Estas observaciones del trabajo de Hyuro apenas rozan la superficie, sin adentrarse en la vertiente poética de su estilo ni en el lenguaje universal que logra crear en el muralismo, así como en las bellas artes. Sus obras cuentan historias; deja espacio al público, literal y metafóricamente, para que encuentre el significado de sus producciones. Si pinta sobre la gentrificación urbana, en su búsqueda creará alegorías que hablen de una historia en un lugar y un espacio. No hace mucho, escribí en Juxtapoz sobre una pintura en concreto: «La imagen muestra a veinticuatro personas, de espaldas al espectador, que observan un gran muro. No se sabe si están perplejas, pensativas o relajadas. ¿Esperan que pase algo? ¿Exigen que pase algo en el muro, detrás de él, o es que el muro en sí obliga a adentrarse en tal estado de reflexión?». Lugar. Espacio. Tiempo.

Aquí es cuando el genio y la gracia de Hyuro entran en juego. En una época en la que el arte urbano y el muralismo se basan en la satisfacción instantánea, es decir, en el impacto inmediato que causa la obra y que lleva al espectador a preguntarse cómo se ha realizado en vez de qué contiene, el arte de Hyuro no sucumbirá a la prueba del tiempo. Ya sea mediante la agitación política o la reflexión particular sobre el modo en que se retrata a las mujeres en los medios, Hyuro nos muestra qué está pasando. Lo que vemos como ciudadanos. Lo que sentimos.

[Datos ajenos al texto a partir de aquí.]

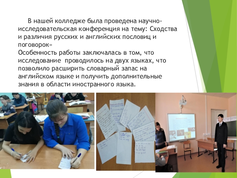Слайд 11 В нашей колледже была проведена научно-исследовательская конференция на
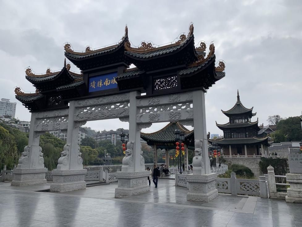 甲秀樓景區(qū)從廣場牌坊由北向南,分為三個部分:

Una de mis obras favoritas se realizó en Berlín. Se trata de una pequeña pintura en la calle, en la que una mujer carga en brazos lo poco que queda del muro de Berlín. Se podría interpretar como una carga colectiva de la historia, o como el recuerdo y reflejo del modo en que nos gusta tener el control sobre nuestra propia historia y nuestro pasado personal. Alude a todo lo que nos llevamos en la maleta, como si el muro representara un viaje evolutivo personal para cualquier persona de cualquier parte, algo que llevarse a casa como si fuera un souvenir. Me encantó la ambigüedad de la pieza, invitaba a la reflexión. Llegaba hasta el fondo de la profundidad de Hyuro como artista y mostraba cómo su trabajo permite al espectador crecer con él, aprender de él y reflexionar sobre ciertas identidades con él.

Para la gente que tiene la suerte de pasar por el lado de sus creaciones cada día, sus obras se convierten en metáforas de la experiencia cambiante de la ciudad. Eso es lo que convierte a Hyuro en una de las voces más relevantes del arte hoy en día: se sirve de las complejas emociones humanas para que, a partir de ellas, podamos elaborar metáforas sociales de suma importancia.